**TASK STATEMENT**. Copy out the entries that follow exactly, leaving out the pictures.

(Stored data)

◇ ◇ ◇

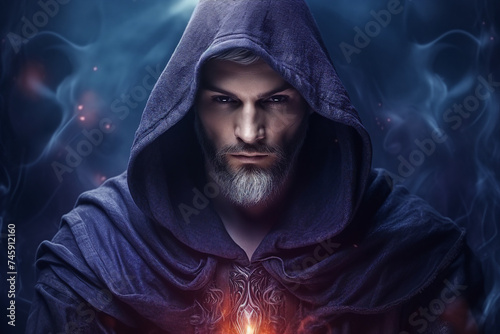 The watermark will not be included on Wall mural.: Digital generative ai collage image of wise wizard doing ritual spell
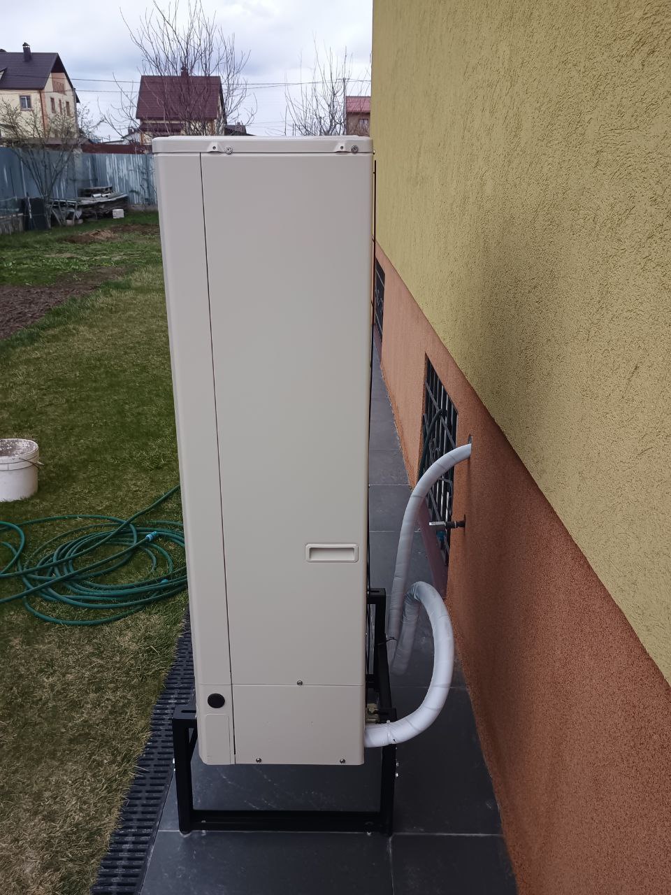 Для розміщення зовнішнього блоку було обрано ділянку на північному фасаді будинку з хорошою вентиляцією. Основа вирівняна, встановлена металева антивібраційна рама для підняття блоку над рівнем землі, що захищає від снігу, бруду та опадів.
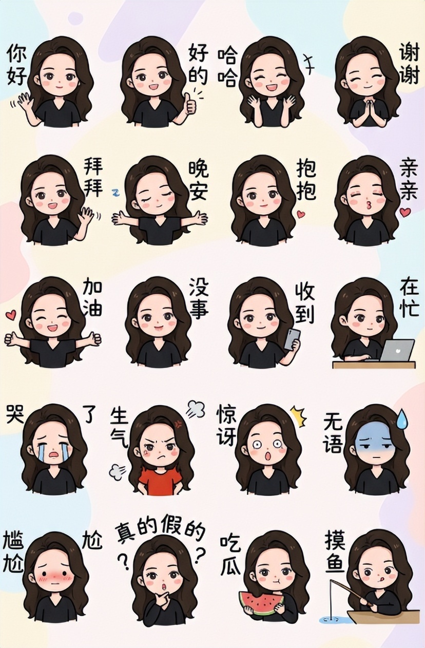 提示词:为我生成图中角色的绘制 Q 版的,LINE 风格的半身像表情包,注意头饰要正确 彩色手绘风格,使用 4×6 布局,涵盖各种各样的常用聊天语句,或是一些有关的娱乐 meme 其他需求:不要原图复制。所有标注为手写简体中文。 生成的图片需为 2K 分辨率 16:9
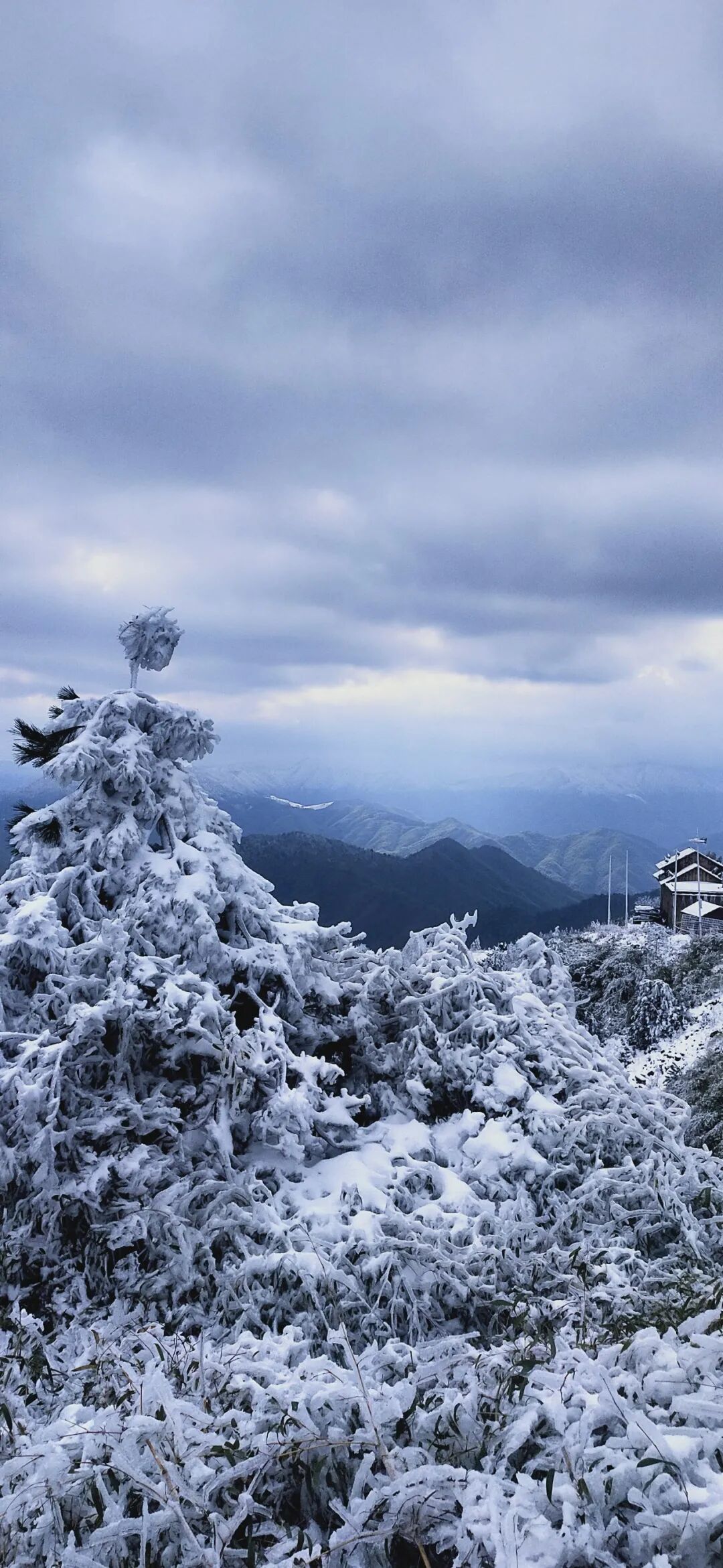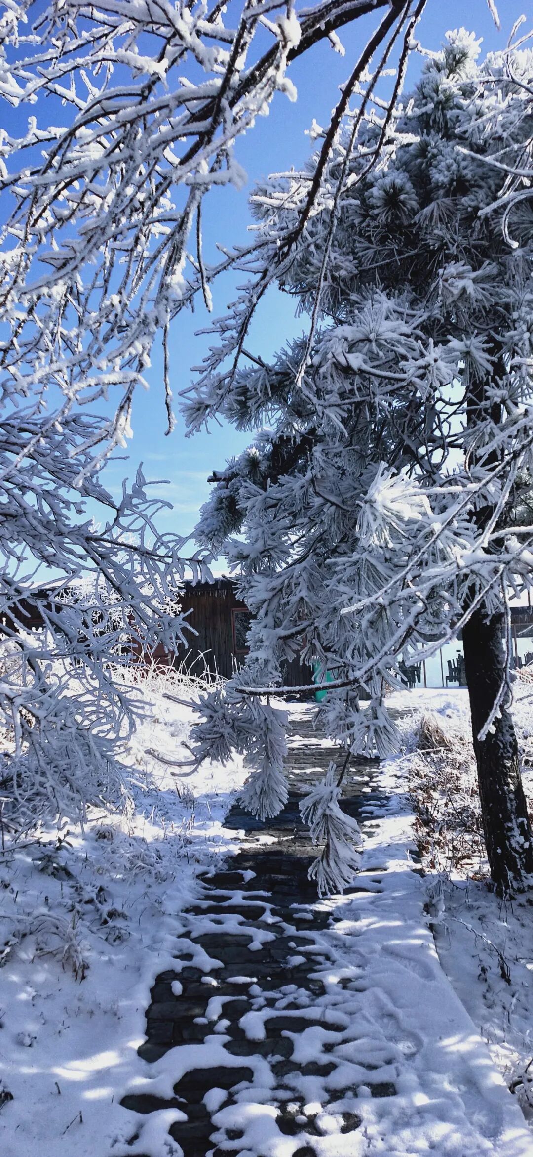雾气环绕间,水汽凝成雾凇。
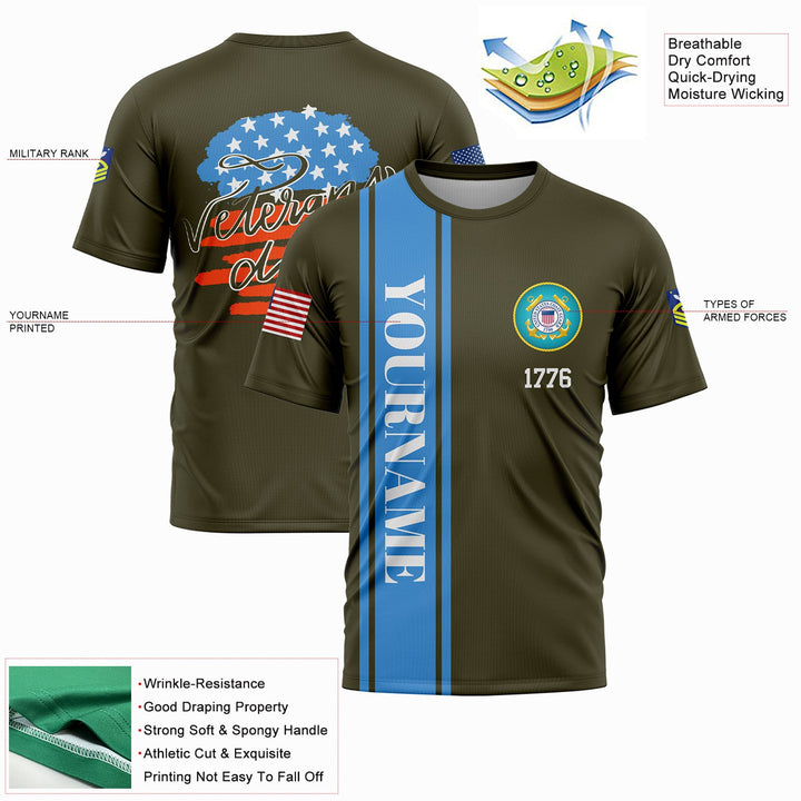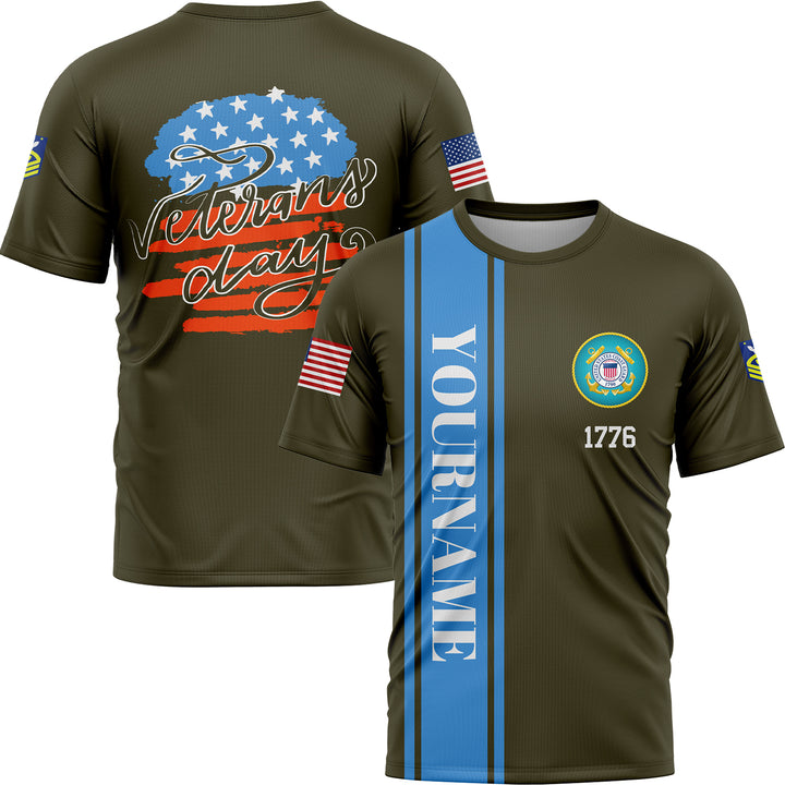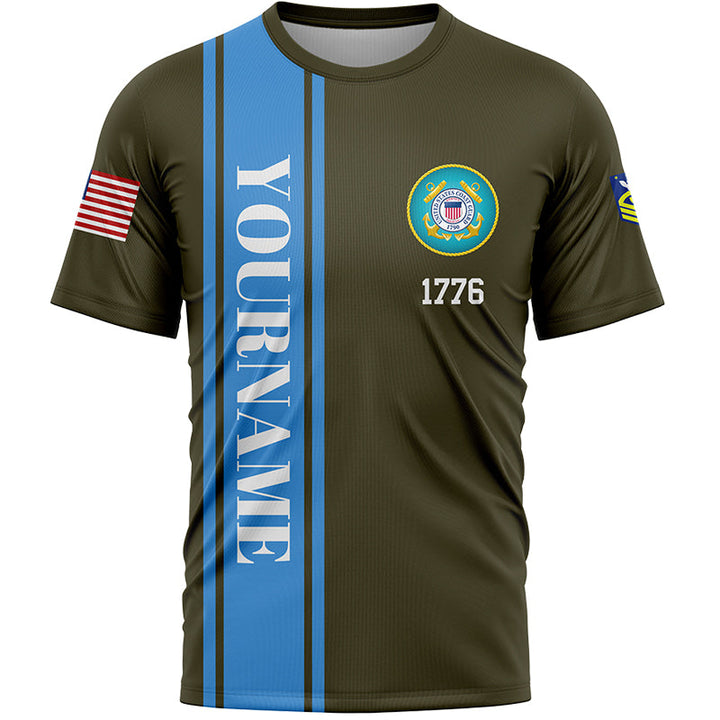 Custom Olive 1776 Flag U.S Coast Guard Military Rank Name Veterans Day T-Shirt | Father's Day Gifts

◇ ◇ ◇

**ANSWER TO THIS TASK**.
 The watermark will not be included on Wall mural.: Digital generative ai collage image of wise wizard doing ritual spell
 Для розміщення зовнішнього блоку було обрано ділянку на північному фасаді будинку з хорошою вентиляцією. Основа вирівняна, встановлена металева антивібраційна рама для підняття блоку над рівнем землі, що захищає від снігу, бруду та опадів.
 提示词:为我生成图中角色的绘制 Q 版的,LINE 风格的半身像表情包,注意头饰要正确 彩色手绘风格,使用 4×6 布局,涵盖各种各样的常用聊天语句,或是一些有关的娱乐 meme 其他需求:不要原图复制。所有标注为手写简体中文。 生成的图片需为 2K 分辨率 16:9
雾气环绕间,水汽凝成雾凇。
 Custom Olive 1776 Flag U.S Coast Guard Military Rank Name Veterans Day T-Shirt | Father's Day Gifts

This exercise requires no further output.